Makalah Tugas Pbi Mariano
Makalah Tugas Pbi Mariano
1 Pendahuluan
Salah satu keluhan yang paling kerap terhadap pembelajaran adalah bahwa
pembelajaran sering dikelola secara konvensional. Guru cenderung dan bahkan
mapan dengan metode ceramah. Sementara ceramahnya pun sering terpaku teks
dan miskin selingan sehingga dirasa monoton dan tidak menggairahkan.
Dampaknya peserta didik mengikuti semata-mata karena kewajiban formal.
Pembelajar kehilangan sense of belonging karena pembelajaran lebih sebagai
kewajiban daripada kebutuhan. Pembelajaran lebih sebagai paksaan daripada
pilihan bebas untuk menuai pengetahuan. Padahal merekalah pusat pembelajaran
sesungguhnya.
Guru juga terjebak dalam mispersepsi bahwa inovasi itu identik dengan
discovery sehingga dirasa sebagai sesuatu yang mustahil. Inovasi hanyalah
kapasitasnya para pakar. Para guru bukanlah Albert Einstein atau James Watt
sehingga tidak mungkin menciptakan penemuan. Penemuan hanyalah karya
manusia-manusia berbakat. Dampaknya, inovasi dianggap sebagai suatu ranah
terbatas, yang hanya dapat dijelajah para ahli.
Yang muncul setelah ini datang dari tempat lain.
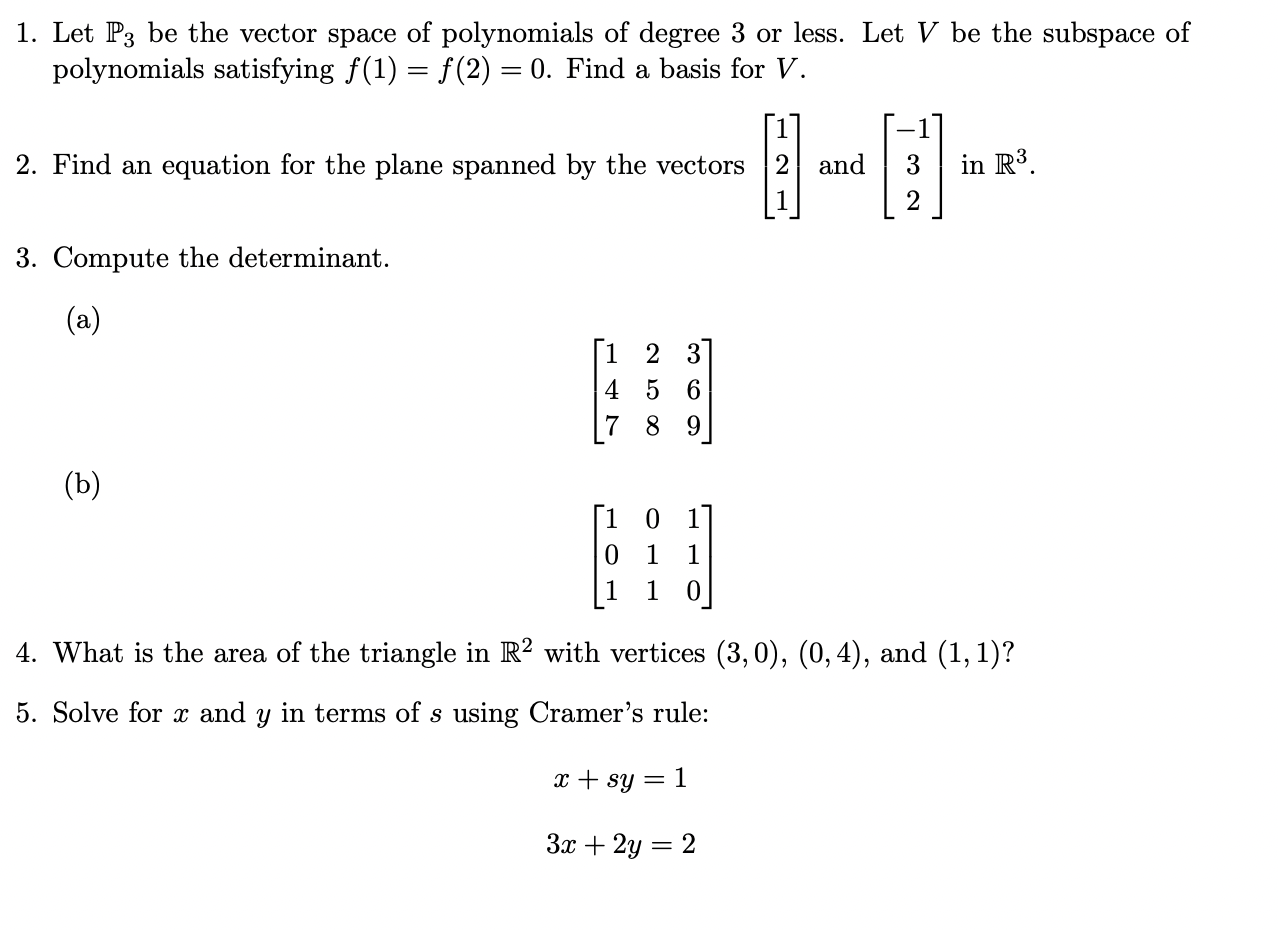 SOLVED: point) Let V be the vector space [3 [x] of polynomials in x ...

Persepsi ini harus dipatahkan. Sebab, inovasi terbentang dari variasi
sampai discovery, dari adopsi sampai kreasi (Rogers, 1983:11-12). Dalam
pandangan Rogers, “inovasi pada hakikatnya ide, praktik atau objek yang
dipersepsikan baru secara individual atau komunal; aksentuasinya pada a new
perception, persepsi baru, tidak harus selalu a new creation, buatan atau ciptaan
baru.” Sebab, tujuan dasar inovasi adalah pendayagunaan potensi-potensi yang
belum didayagunakan untuk menghasilkan sesuatu yang baru. Potensi-potensi
tersebut dapat berasal dari yang sudah ada maupun yang belum ada. Itu berarti
bahwa secara kondisional hal-hal yang telah ada jika didayagunakan dapat
menimbulkan cita rasa baru. Oleh karena itu, variasi, modifikasi, dan difusi hal-
hal yang sudah ada pun dapat dikategorikan sebagai inovasi (1983:11).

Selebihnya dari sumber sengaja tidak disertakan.